Apply energy balance equation

Assuming no heat is lost to surroundings, the heat lost by the copper block must equal the heat gained by the water: \(M_{c}c_{c}\left(T_{f} - T_{c_i}\right) = M_{w}c_{w}\left(T_{w_i} - T_{f}\right)\) Where \(T_{f}\) is the final equilibrium temperature, \(T_{c_i} = 220^{\circ} \mathrm{F}\) is the initial temperature of the copper block and \(T_{w_i} = 65^{\circ} \mathrm{F}\) is the initial temperature of the water. Plugging in the known values, we have: \(70\, \mathrm{lbm} \times 0.092\, \mathrm{\frac{Btu}{lbm \cdot ^{\circ}F}} \times (T_{f} - 220^{\circ} \mathrm{F}) = 74.88\, \mathrm{lbm} \times 1\, \mathrm{\frac{Btu}{lbm \cdot ^{\circ}F}} \times (65^{\circ} \mathrm{F} - T_{f})\)

Solve for final temperature

Solve the energy balance equation for \(T_{f}\): \(6.44\, \mathrm{Btu/^{\circ}F}\times (T_{f} - 220^{\circ} \mathrm{F}) = 74.88\, \mathrm{Btu/^{\circ}F} \times (65^{\circ} \mathrm{F} - T_{f})\) Solving for \(T_{f}\) gives: \(T_{f} = 77.42^{\circ} \mathrm{F}\) Thus, the final equilibrium temperature is \(77.42^{\circ} \mathrm{F}\). #b. Finding the Work Potential Wasted#

Calculate the change in entropy

We will first calculate the change in entropy for the copper block and the water separately, and then find the total change in entropy in the system: Entropy change for the copper block: \(\Delta S_{c} = M_{c}c_{c}\ln{\frac{T_{f}}{T_{c_i}}}\) Entropy change for the water: \(\Delta S_{w} = M_{w}c_{w}\ln{\frac{T_{f}}{T_{w_i}}}\) Now let's plug the values: \(\Delta S_{c} = 70\, \mathrm{lbm} \times 0.092\, \mathrm{\frac{Btu}{lbm \cdot ^{\circ}F}} \times \ln{\frac{77.42}{220}} = -6.889\, \mathrm{Btu\cdot ^{\circ}F}\) \(\Delta S_{w} = 74.88\, \mathrm{lbm} \times 1\, \mathrm{\frac{Btu}{lbm \cdot ^{\circ}F}} \times \ln{\frac{77.42}{65}} = 2.324\, \mathrm{Btu\cdot ^{\circ}F}\) Total change in entropy: \(\Delta S = \Delta S_{c} + \Delta S_{w} = -6.889 + 2.324 = -4.565\, \mathrm{Btu\cdot ^{\circ}F}\)

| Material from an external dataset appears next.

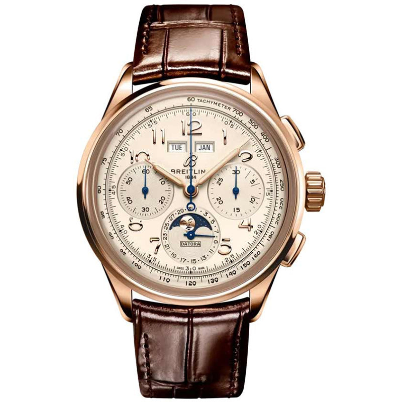 Breitling rb2510371g1p1 Men's Premier Watch. The brushed and polished 18kt rose gold case of this luxurious timepiece is paired with a refined silver and light ivory colored dial, creating an elegant and sophisticated aesthetic. The watch features polished hour and minute hands with luminous fill, as well as blued steel central seconds counter hands and sub-dial hands for a touch of contrast. Applied polished numeral hour markers and a tachymeter scale on the dial flange add to the overall allure. The detailed design includes a fine printed track of minutes, seconds, and fractions of a second, along with a small seconds sub-dial at 9 o'clock. The watch offers practical calendar functions, such as day and month windows at 12 o'clock, a date sub-dial at 6 o'clock, and a moonphase display at the center of the 6 o'clock sub-dial. The chronograph function includes a 60-second large central counter hand and a 30-minute counter sub-dial at 3 o'clock. Powering this extraordinary timepiece is the Breitling in-house caliber B25, operating at 28,800 vph (4Hz), containing 26 jewels, and providing an approximate power reserve of 48 hours.

Calculate the work potential wasted

The work potential wasted can be calculated as: \(W_{wasted} = -T_{surr} \times \Delta S\) As the surroundings are at \(65^{\circ} \mathrm{F}\), we first convert it to Rankine scale and use \(T_{surr}=493.67\, \mathrm{R}\) \(W_{wasted} = -\left(493.67\, \mathrm{R}\right) \times (-4.565\, \mathrm{Btu\cdot ^{\circ}F}) = 2226.18\, \mathrm{Btu}\) Thus, the work potential wasted during this process is \(2226.18\, \mathrm{Btu}\).